> **Supplied information**
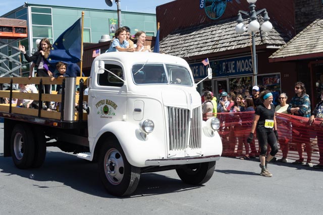 Racers were still finishing during the parade, two hours later. You can see a lady running down the left side of the street. There were runners on both sides of the parade.
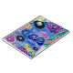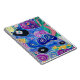 A kaleidoscope of colours forms swirling patterns and floral motifs, creating a lively visual tapestry. The use of bold blues, purples, and greens combines with striking pinks and yellows to evoke an intricate, whimsical feel. The artwork's complexity and vivid colours suggest a playful yet sophisticated design.
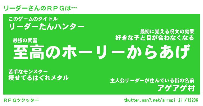 | 男性向けラノベタイトル風あだ名 | 『リーダーアートオンライン』 |
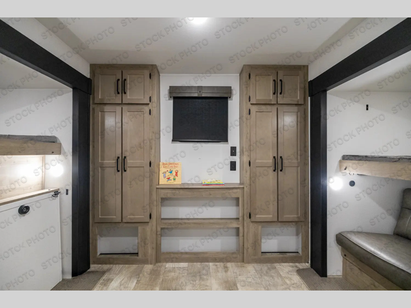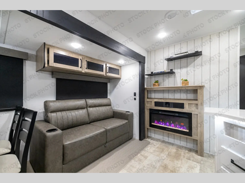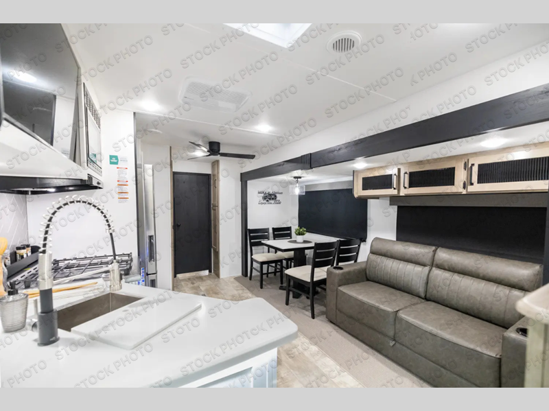 This destination trailer will probably be in the family for years to come with all of its features and amenities such as the rear private bunkhouse with a half bath attached, the dual entry doors for a smooth flow of traffic, and the spacious bedroom with a slide out king-size bed. There is even a closet with the option to add washer and dryer prep. The bunkhouse includes a slide out bunk with a jiffy sofa below, a slide out set of bunks, plus an entertainment center in between two wardrobes. The main living and kitchen area offers full amenities, a U-shaped dinette to dine at, and a sofa to relax on. You even have an optional outside kitchen to cook meals in the great outdoors!

> **Problem to work on**
Transcribe the material exactly, and leave out whatever pictures it holds.

> **Response box**
 Racers were still finishing during the parade, two hours later. You can see a lady running down the left side of the street. There were runners on both sides of the parade.
 A kaleidoscope of colours forms swirling patterns and floral motifs, creating a lively visual tapestry. The use of bold blues, purples, and greens combines with striking pinks and yellows to evoke an intricate, whimsical feel. The artwork's complexity and vivid colours suggest a playful yet sophisticated design.
 | 男性向けラノベタイトル風あだ名 | 『リーダーアートオンライン』 |
 This destination trailer will probably be in the family for years to come with all of its features and amenities such as the rear private bunkhouse with a half bath attached, the dual entry doors for a smooth flow of traffic, and the spacious bedroom with a slide out king-size bed. There is even a closet with the option to add washer and dryer prep. The bunkhouse includes a slide out bunk with a jiffy sofa below, a slide out set of bunks, plus an entertainment center in between two wardrobes. The main living and kitchen area offers full amenities, a U-shaped dinette to dine at, and a sofa to relax on. You even have an optional outside kitchen to cook meals in the great outdoors!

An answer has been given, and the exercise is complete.